Occupancy Anticipation for Efficient Exploration and Navigation
- URL: http://arxiv.org/abs/2008.09285v2
- Date: Tue, 25 Aug 2020 16:36:11 GMT
- Title: Occupancy Anticipation for Efficient Exploration and Navigation
- Authors: Santhosh K. Ramakrishnan, Ziad Al-Halah, Kristen Grauman
- Abstract summary: We propose occupancy anticipation, where the agent uses its egocentric RGB-D observations to infer the occupancy state beyond the visible regions.
By exploiting context in both the egocentric views and top-down maps our model successfully anticipates a broader map of the environment.

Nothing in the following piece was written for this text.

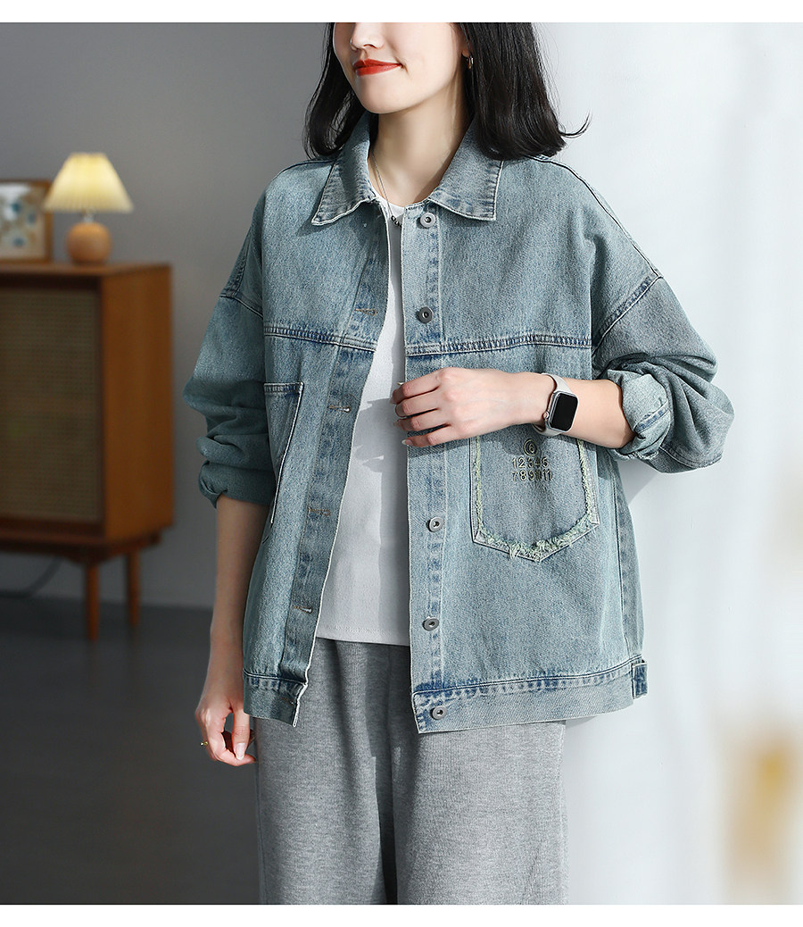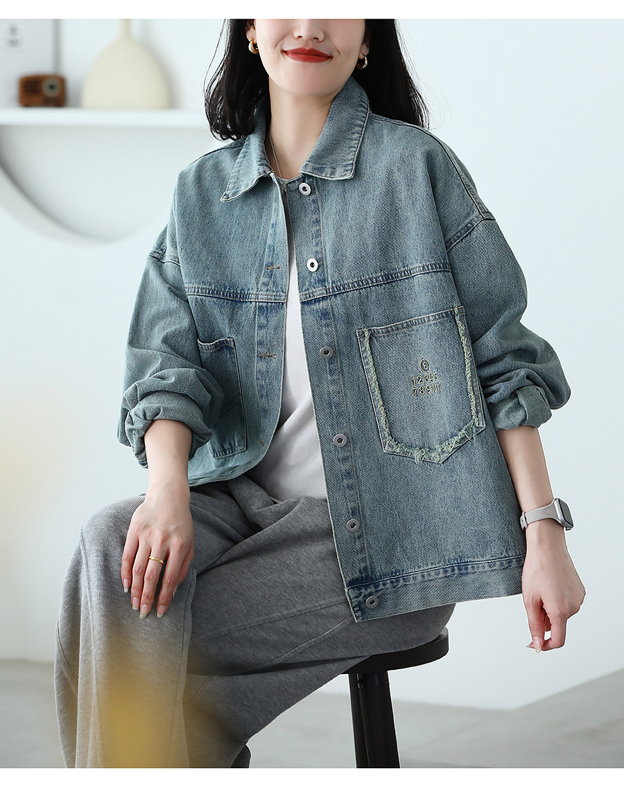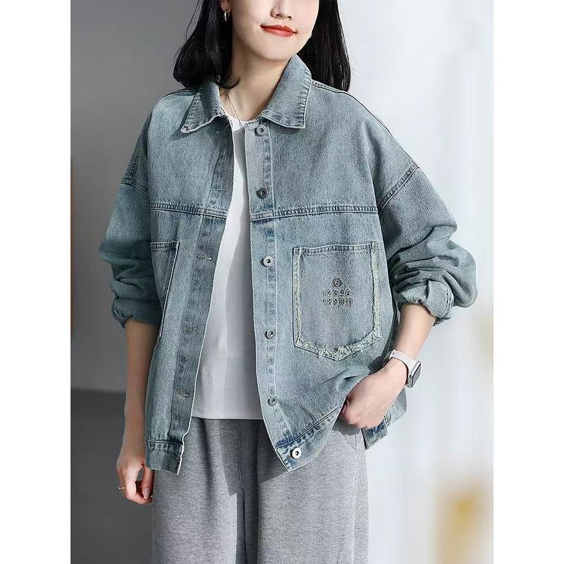 봄 새 데님 재킷 여성 랩 캐주얼 루즈 슬리밍 한국 빈티지 재킷 여자 6895

Our approach is the winning entry in the 2020 Habitat PointNav Challenge.
- Score: 97.17517060585875
- License: http://arxiv.org/licenses/nonexclusive-distrib/1.0/
- Abstract: State-of-the-art navigation methods leverage a spatial memory to generalize
to new environments, but their occupancy maps are limited to capturing the
geometric structures directly observed by the agent. We propose occupancy
anticipation, where the agent uses its egocentric RGB-D observations to infer
the occupancy state beyond the visible regions. In doing so, the agent builds
its spatial awareness more rapidly, which facilitates efficient exploration and
navigation in 3D environments. By exploiting context in both the egocentric
views and top-down maps our model successfully anticipates a broader map of the
environment, with performance significantly better than strong baselines.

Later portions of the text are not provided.